As a child of God I believe there is a divine and natural order to life and I believe that God provides clear and simple instructions to live life in that divine and natural order.  For me, throwing off the shackles of laws and instruction is not true freedom.  Freedom comes from being yoked with the Master teacher and fulfiller of those laws and instructions, and seeking teachers who are yoked and in alignment with him. 

It is my hope and my prayer that those who are called and accept the responsibility of teaching the things of God will not be concerned so much about being the most popular and favorite, but will want to be the best for the people they teach.
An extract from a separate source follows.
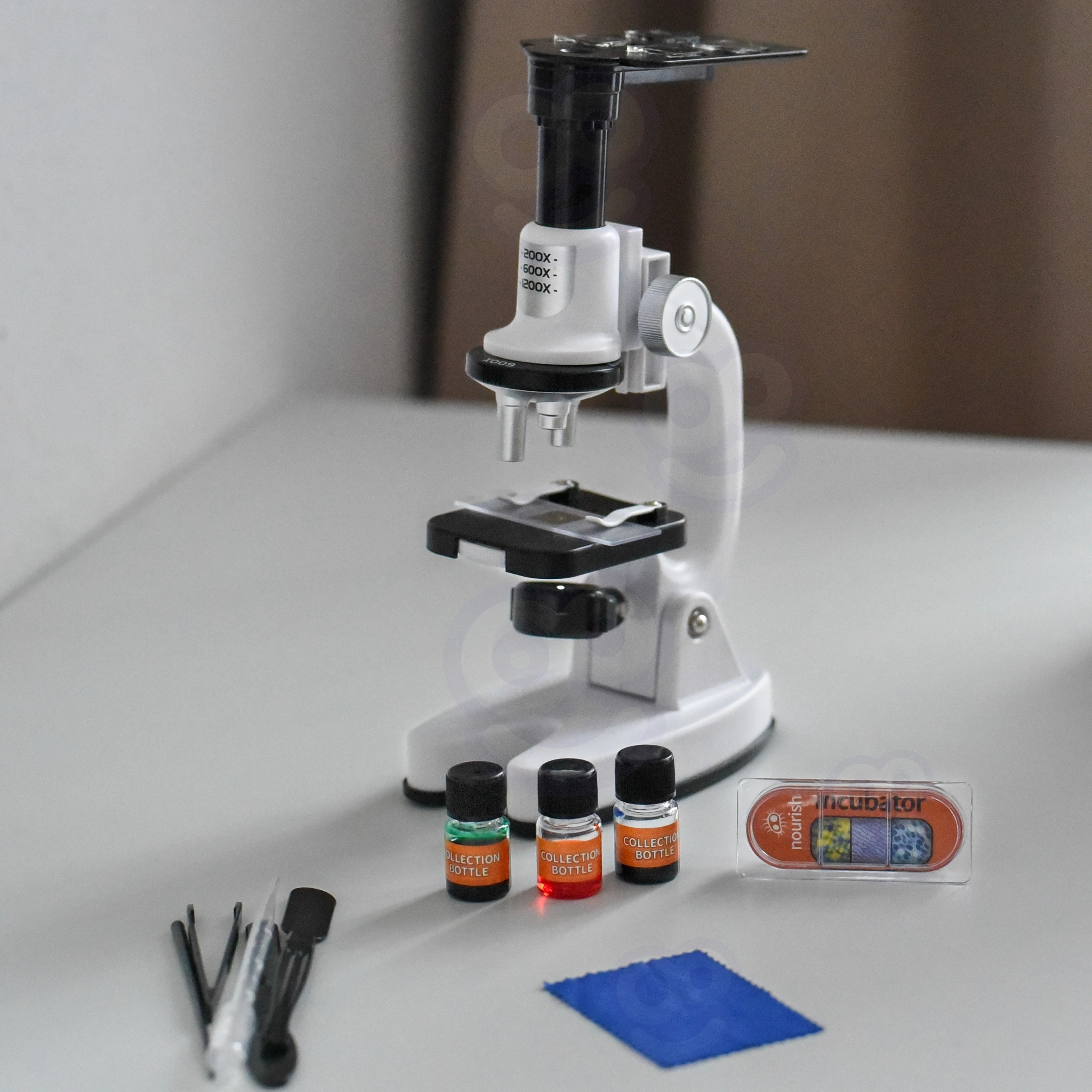 Vetrini, coprivetrini, boccette, pinzetta, pipetta, utensili e contenitori – tutto ciò di cui i bambini hanno bisogno per preparare e osservare i campioni.

Wednesday, January 9, 2013

THE ANCIENT WAYS ARE MY WAYS


Psalm 127:1

One of the things that I have discovered over the years and through experience is that one of the reasons why groups and institutions seem to fail is because of their inability to incorporate the new into the old.  I have seen this in camps, communities, and churches, wherever human beings try to organize themselves so that they can function well and be efficient in what they are doing.  They gather together and through a lot of hard work and trial and error, create systems that work for them.  Over time those with the original vision, holders of the original living organism, the seed of that vision, begin to pass away.  They are replaced by people who had not suffered through the hard work of trial and error and come in to reform the old, seemingly irrelevant ways with their new thoughts and ideas of how to build a new way of doing what needs to be done, which usually begins with throwing out all the old ways.  Then, of course, the cycle is repeated again and again; out with the old and in with the new bigger, better, more improved
model.  As an older person I find that process disconcerting and unsettling, to say the least.

My faith is founded on a God who is ever changing and never changing; always different and always the same; who is as relevant today, in my life, as he was “In the beginning”.  My faith is founded on ancient ways being fulfilled, not replaced.  God’s ways are timeless and cyclical, not time bound and linear.  There is the security of strong roots and the freedom of the wind of the Spirit that blows where it will.

I will always remember the wise woman I spoke with on the phone as I was trying to convince her of a tree treatment the company I was working for wanted to provide.  She lived in the mountains outside of town and I could hear the sincere smile on her face and simplicity of heart when she said, “Oh, honey; these trees have been here long before I came and they will be here long after I pass, and they are doing just fine.”

That’s the Truth about the things that God creates, builds, and organizes.  That’s the wisdom of the ages and the newness of today that my faith in God rests on; nothing more, nothing less.  Every time I look at an old, seasoned tree a sincere smile comes to my face and a simplicity of heart warms my soul.  “Oh honey; I’ve been here long before you came and I will be here long after you pass, and you’re doing just fine.”